Recombinant Bartonella quintana Phosphatidylserine decarboxylase proenzyme (psd)

What are the optimal expression systems for recombinant B. quintana psd?

For recombinant expression of B. quintana psd, E. coli-based systems typically yield the best results, particularly BL21(DE3) strains containing the pET vector system. Temperature optimization is crucial, as B. quintana proteins show temperature-specific characteristics, with optimal expression often occurring at lower temperatures (16-20°C) to enhance protein solubility . The following expression parameters have been shown to improve yield:

Including a histidine or GST tag is recommended to facilitate purification, with consideration that N-terminal tags may affect proenzyme processing.

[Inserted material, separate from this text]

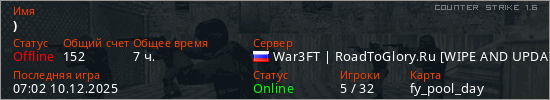 Последний раз был в сети 07:02 10.12.2025 Игрок с таким ником замечен на 51 сервере

How can I confirm the structural integrity of purified recombinant psd?

Confirming structural integrity requires multiple analytical approaches:

• SDS-PAGE analysis to verify molecular weight (typically ~30-35 kDa for the proenzyme)

• Western blotting using anti-His or specific anti-psd antibodies

• Circular dichroism (CD) spectroscopy to assess secondary structure composition

• Thermal shift assays to evaluate protein stability under various buffer conditions

• Size exclusion chromatography to confirm monomeric/oligomeric state

Properly folded psd typically exhibits characteristic secondary structure elements including both α-helices and β-sheets. Any significant deviations in the CD spectrum compared to native enzyme may indicate structural issues .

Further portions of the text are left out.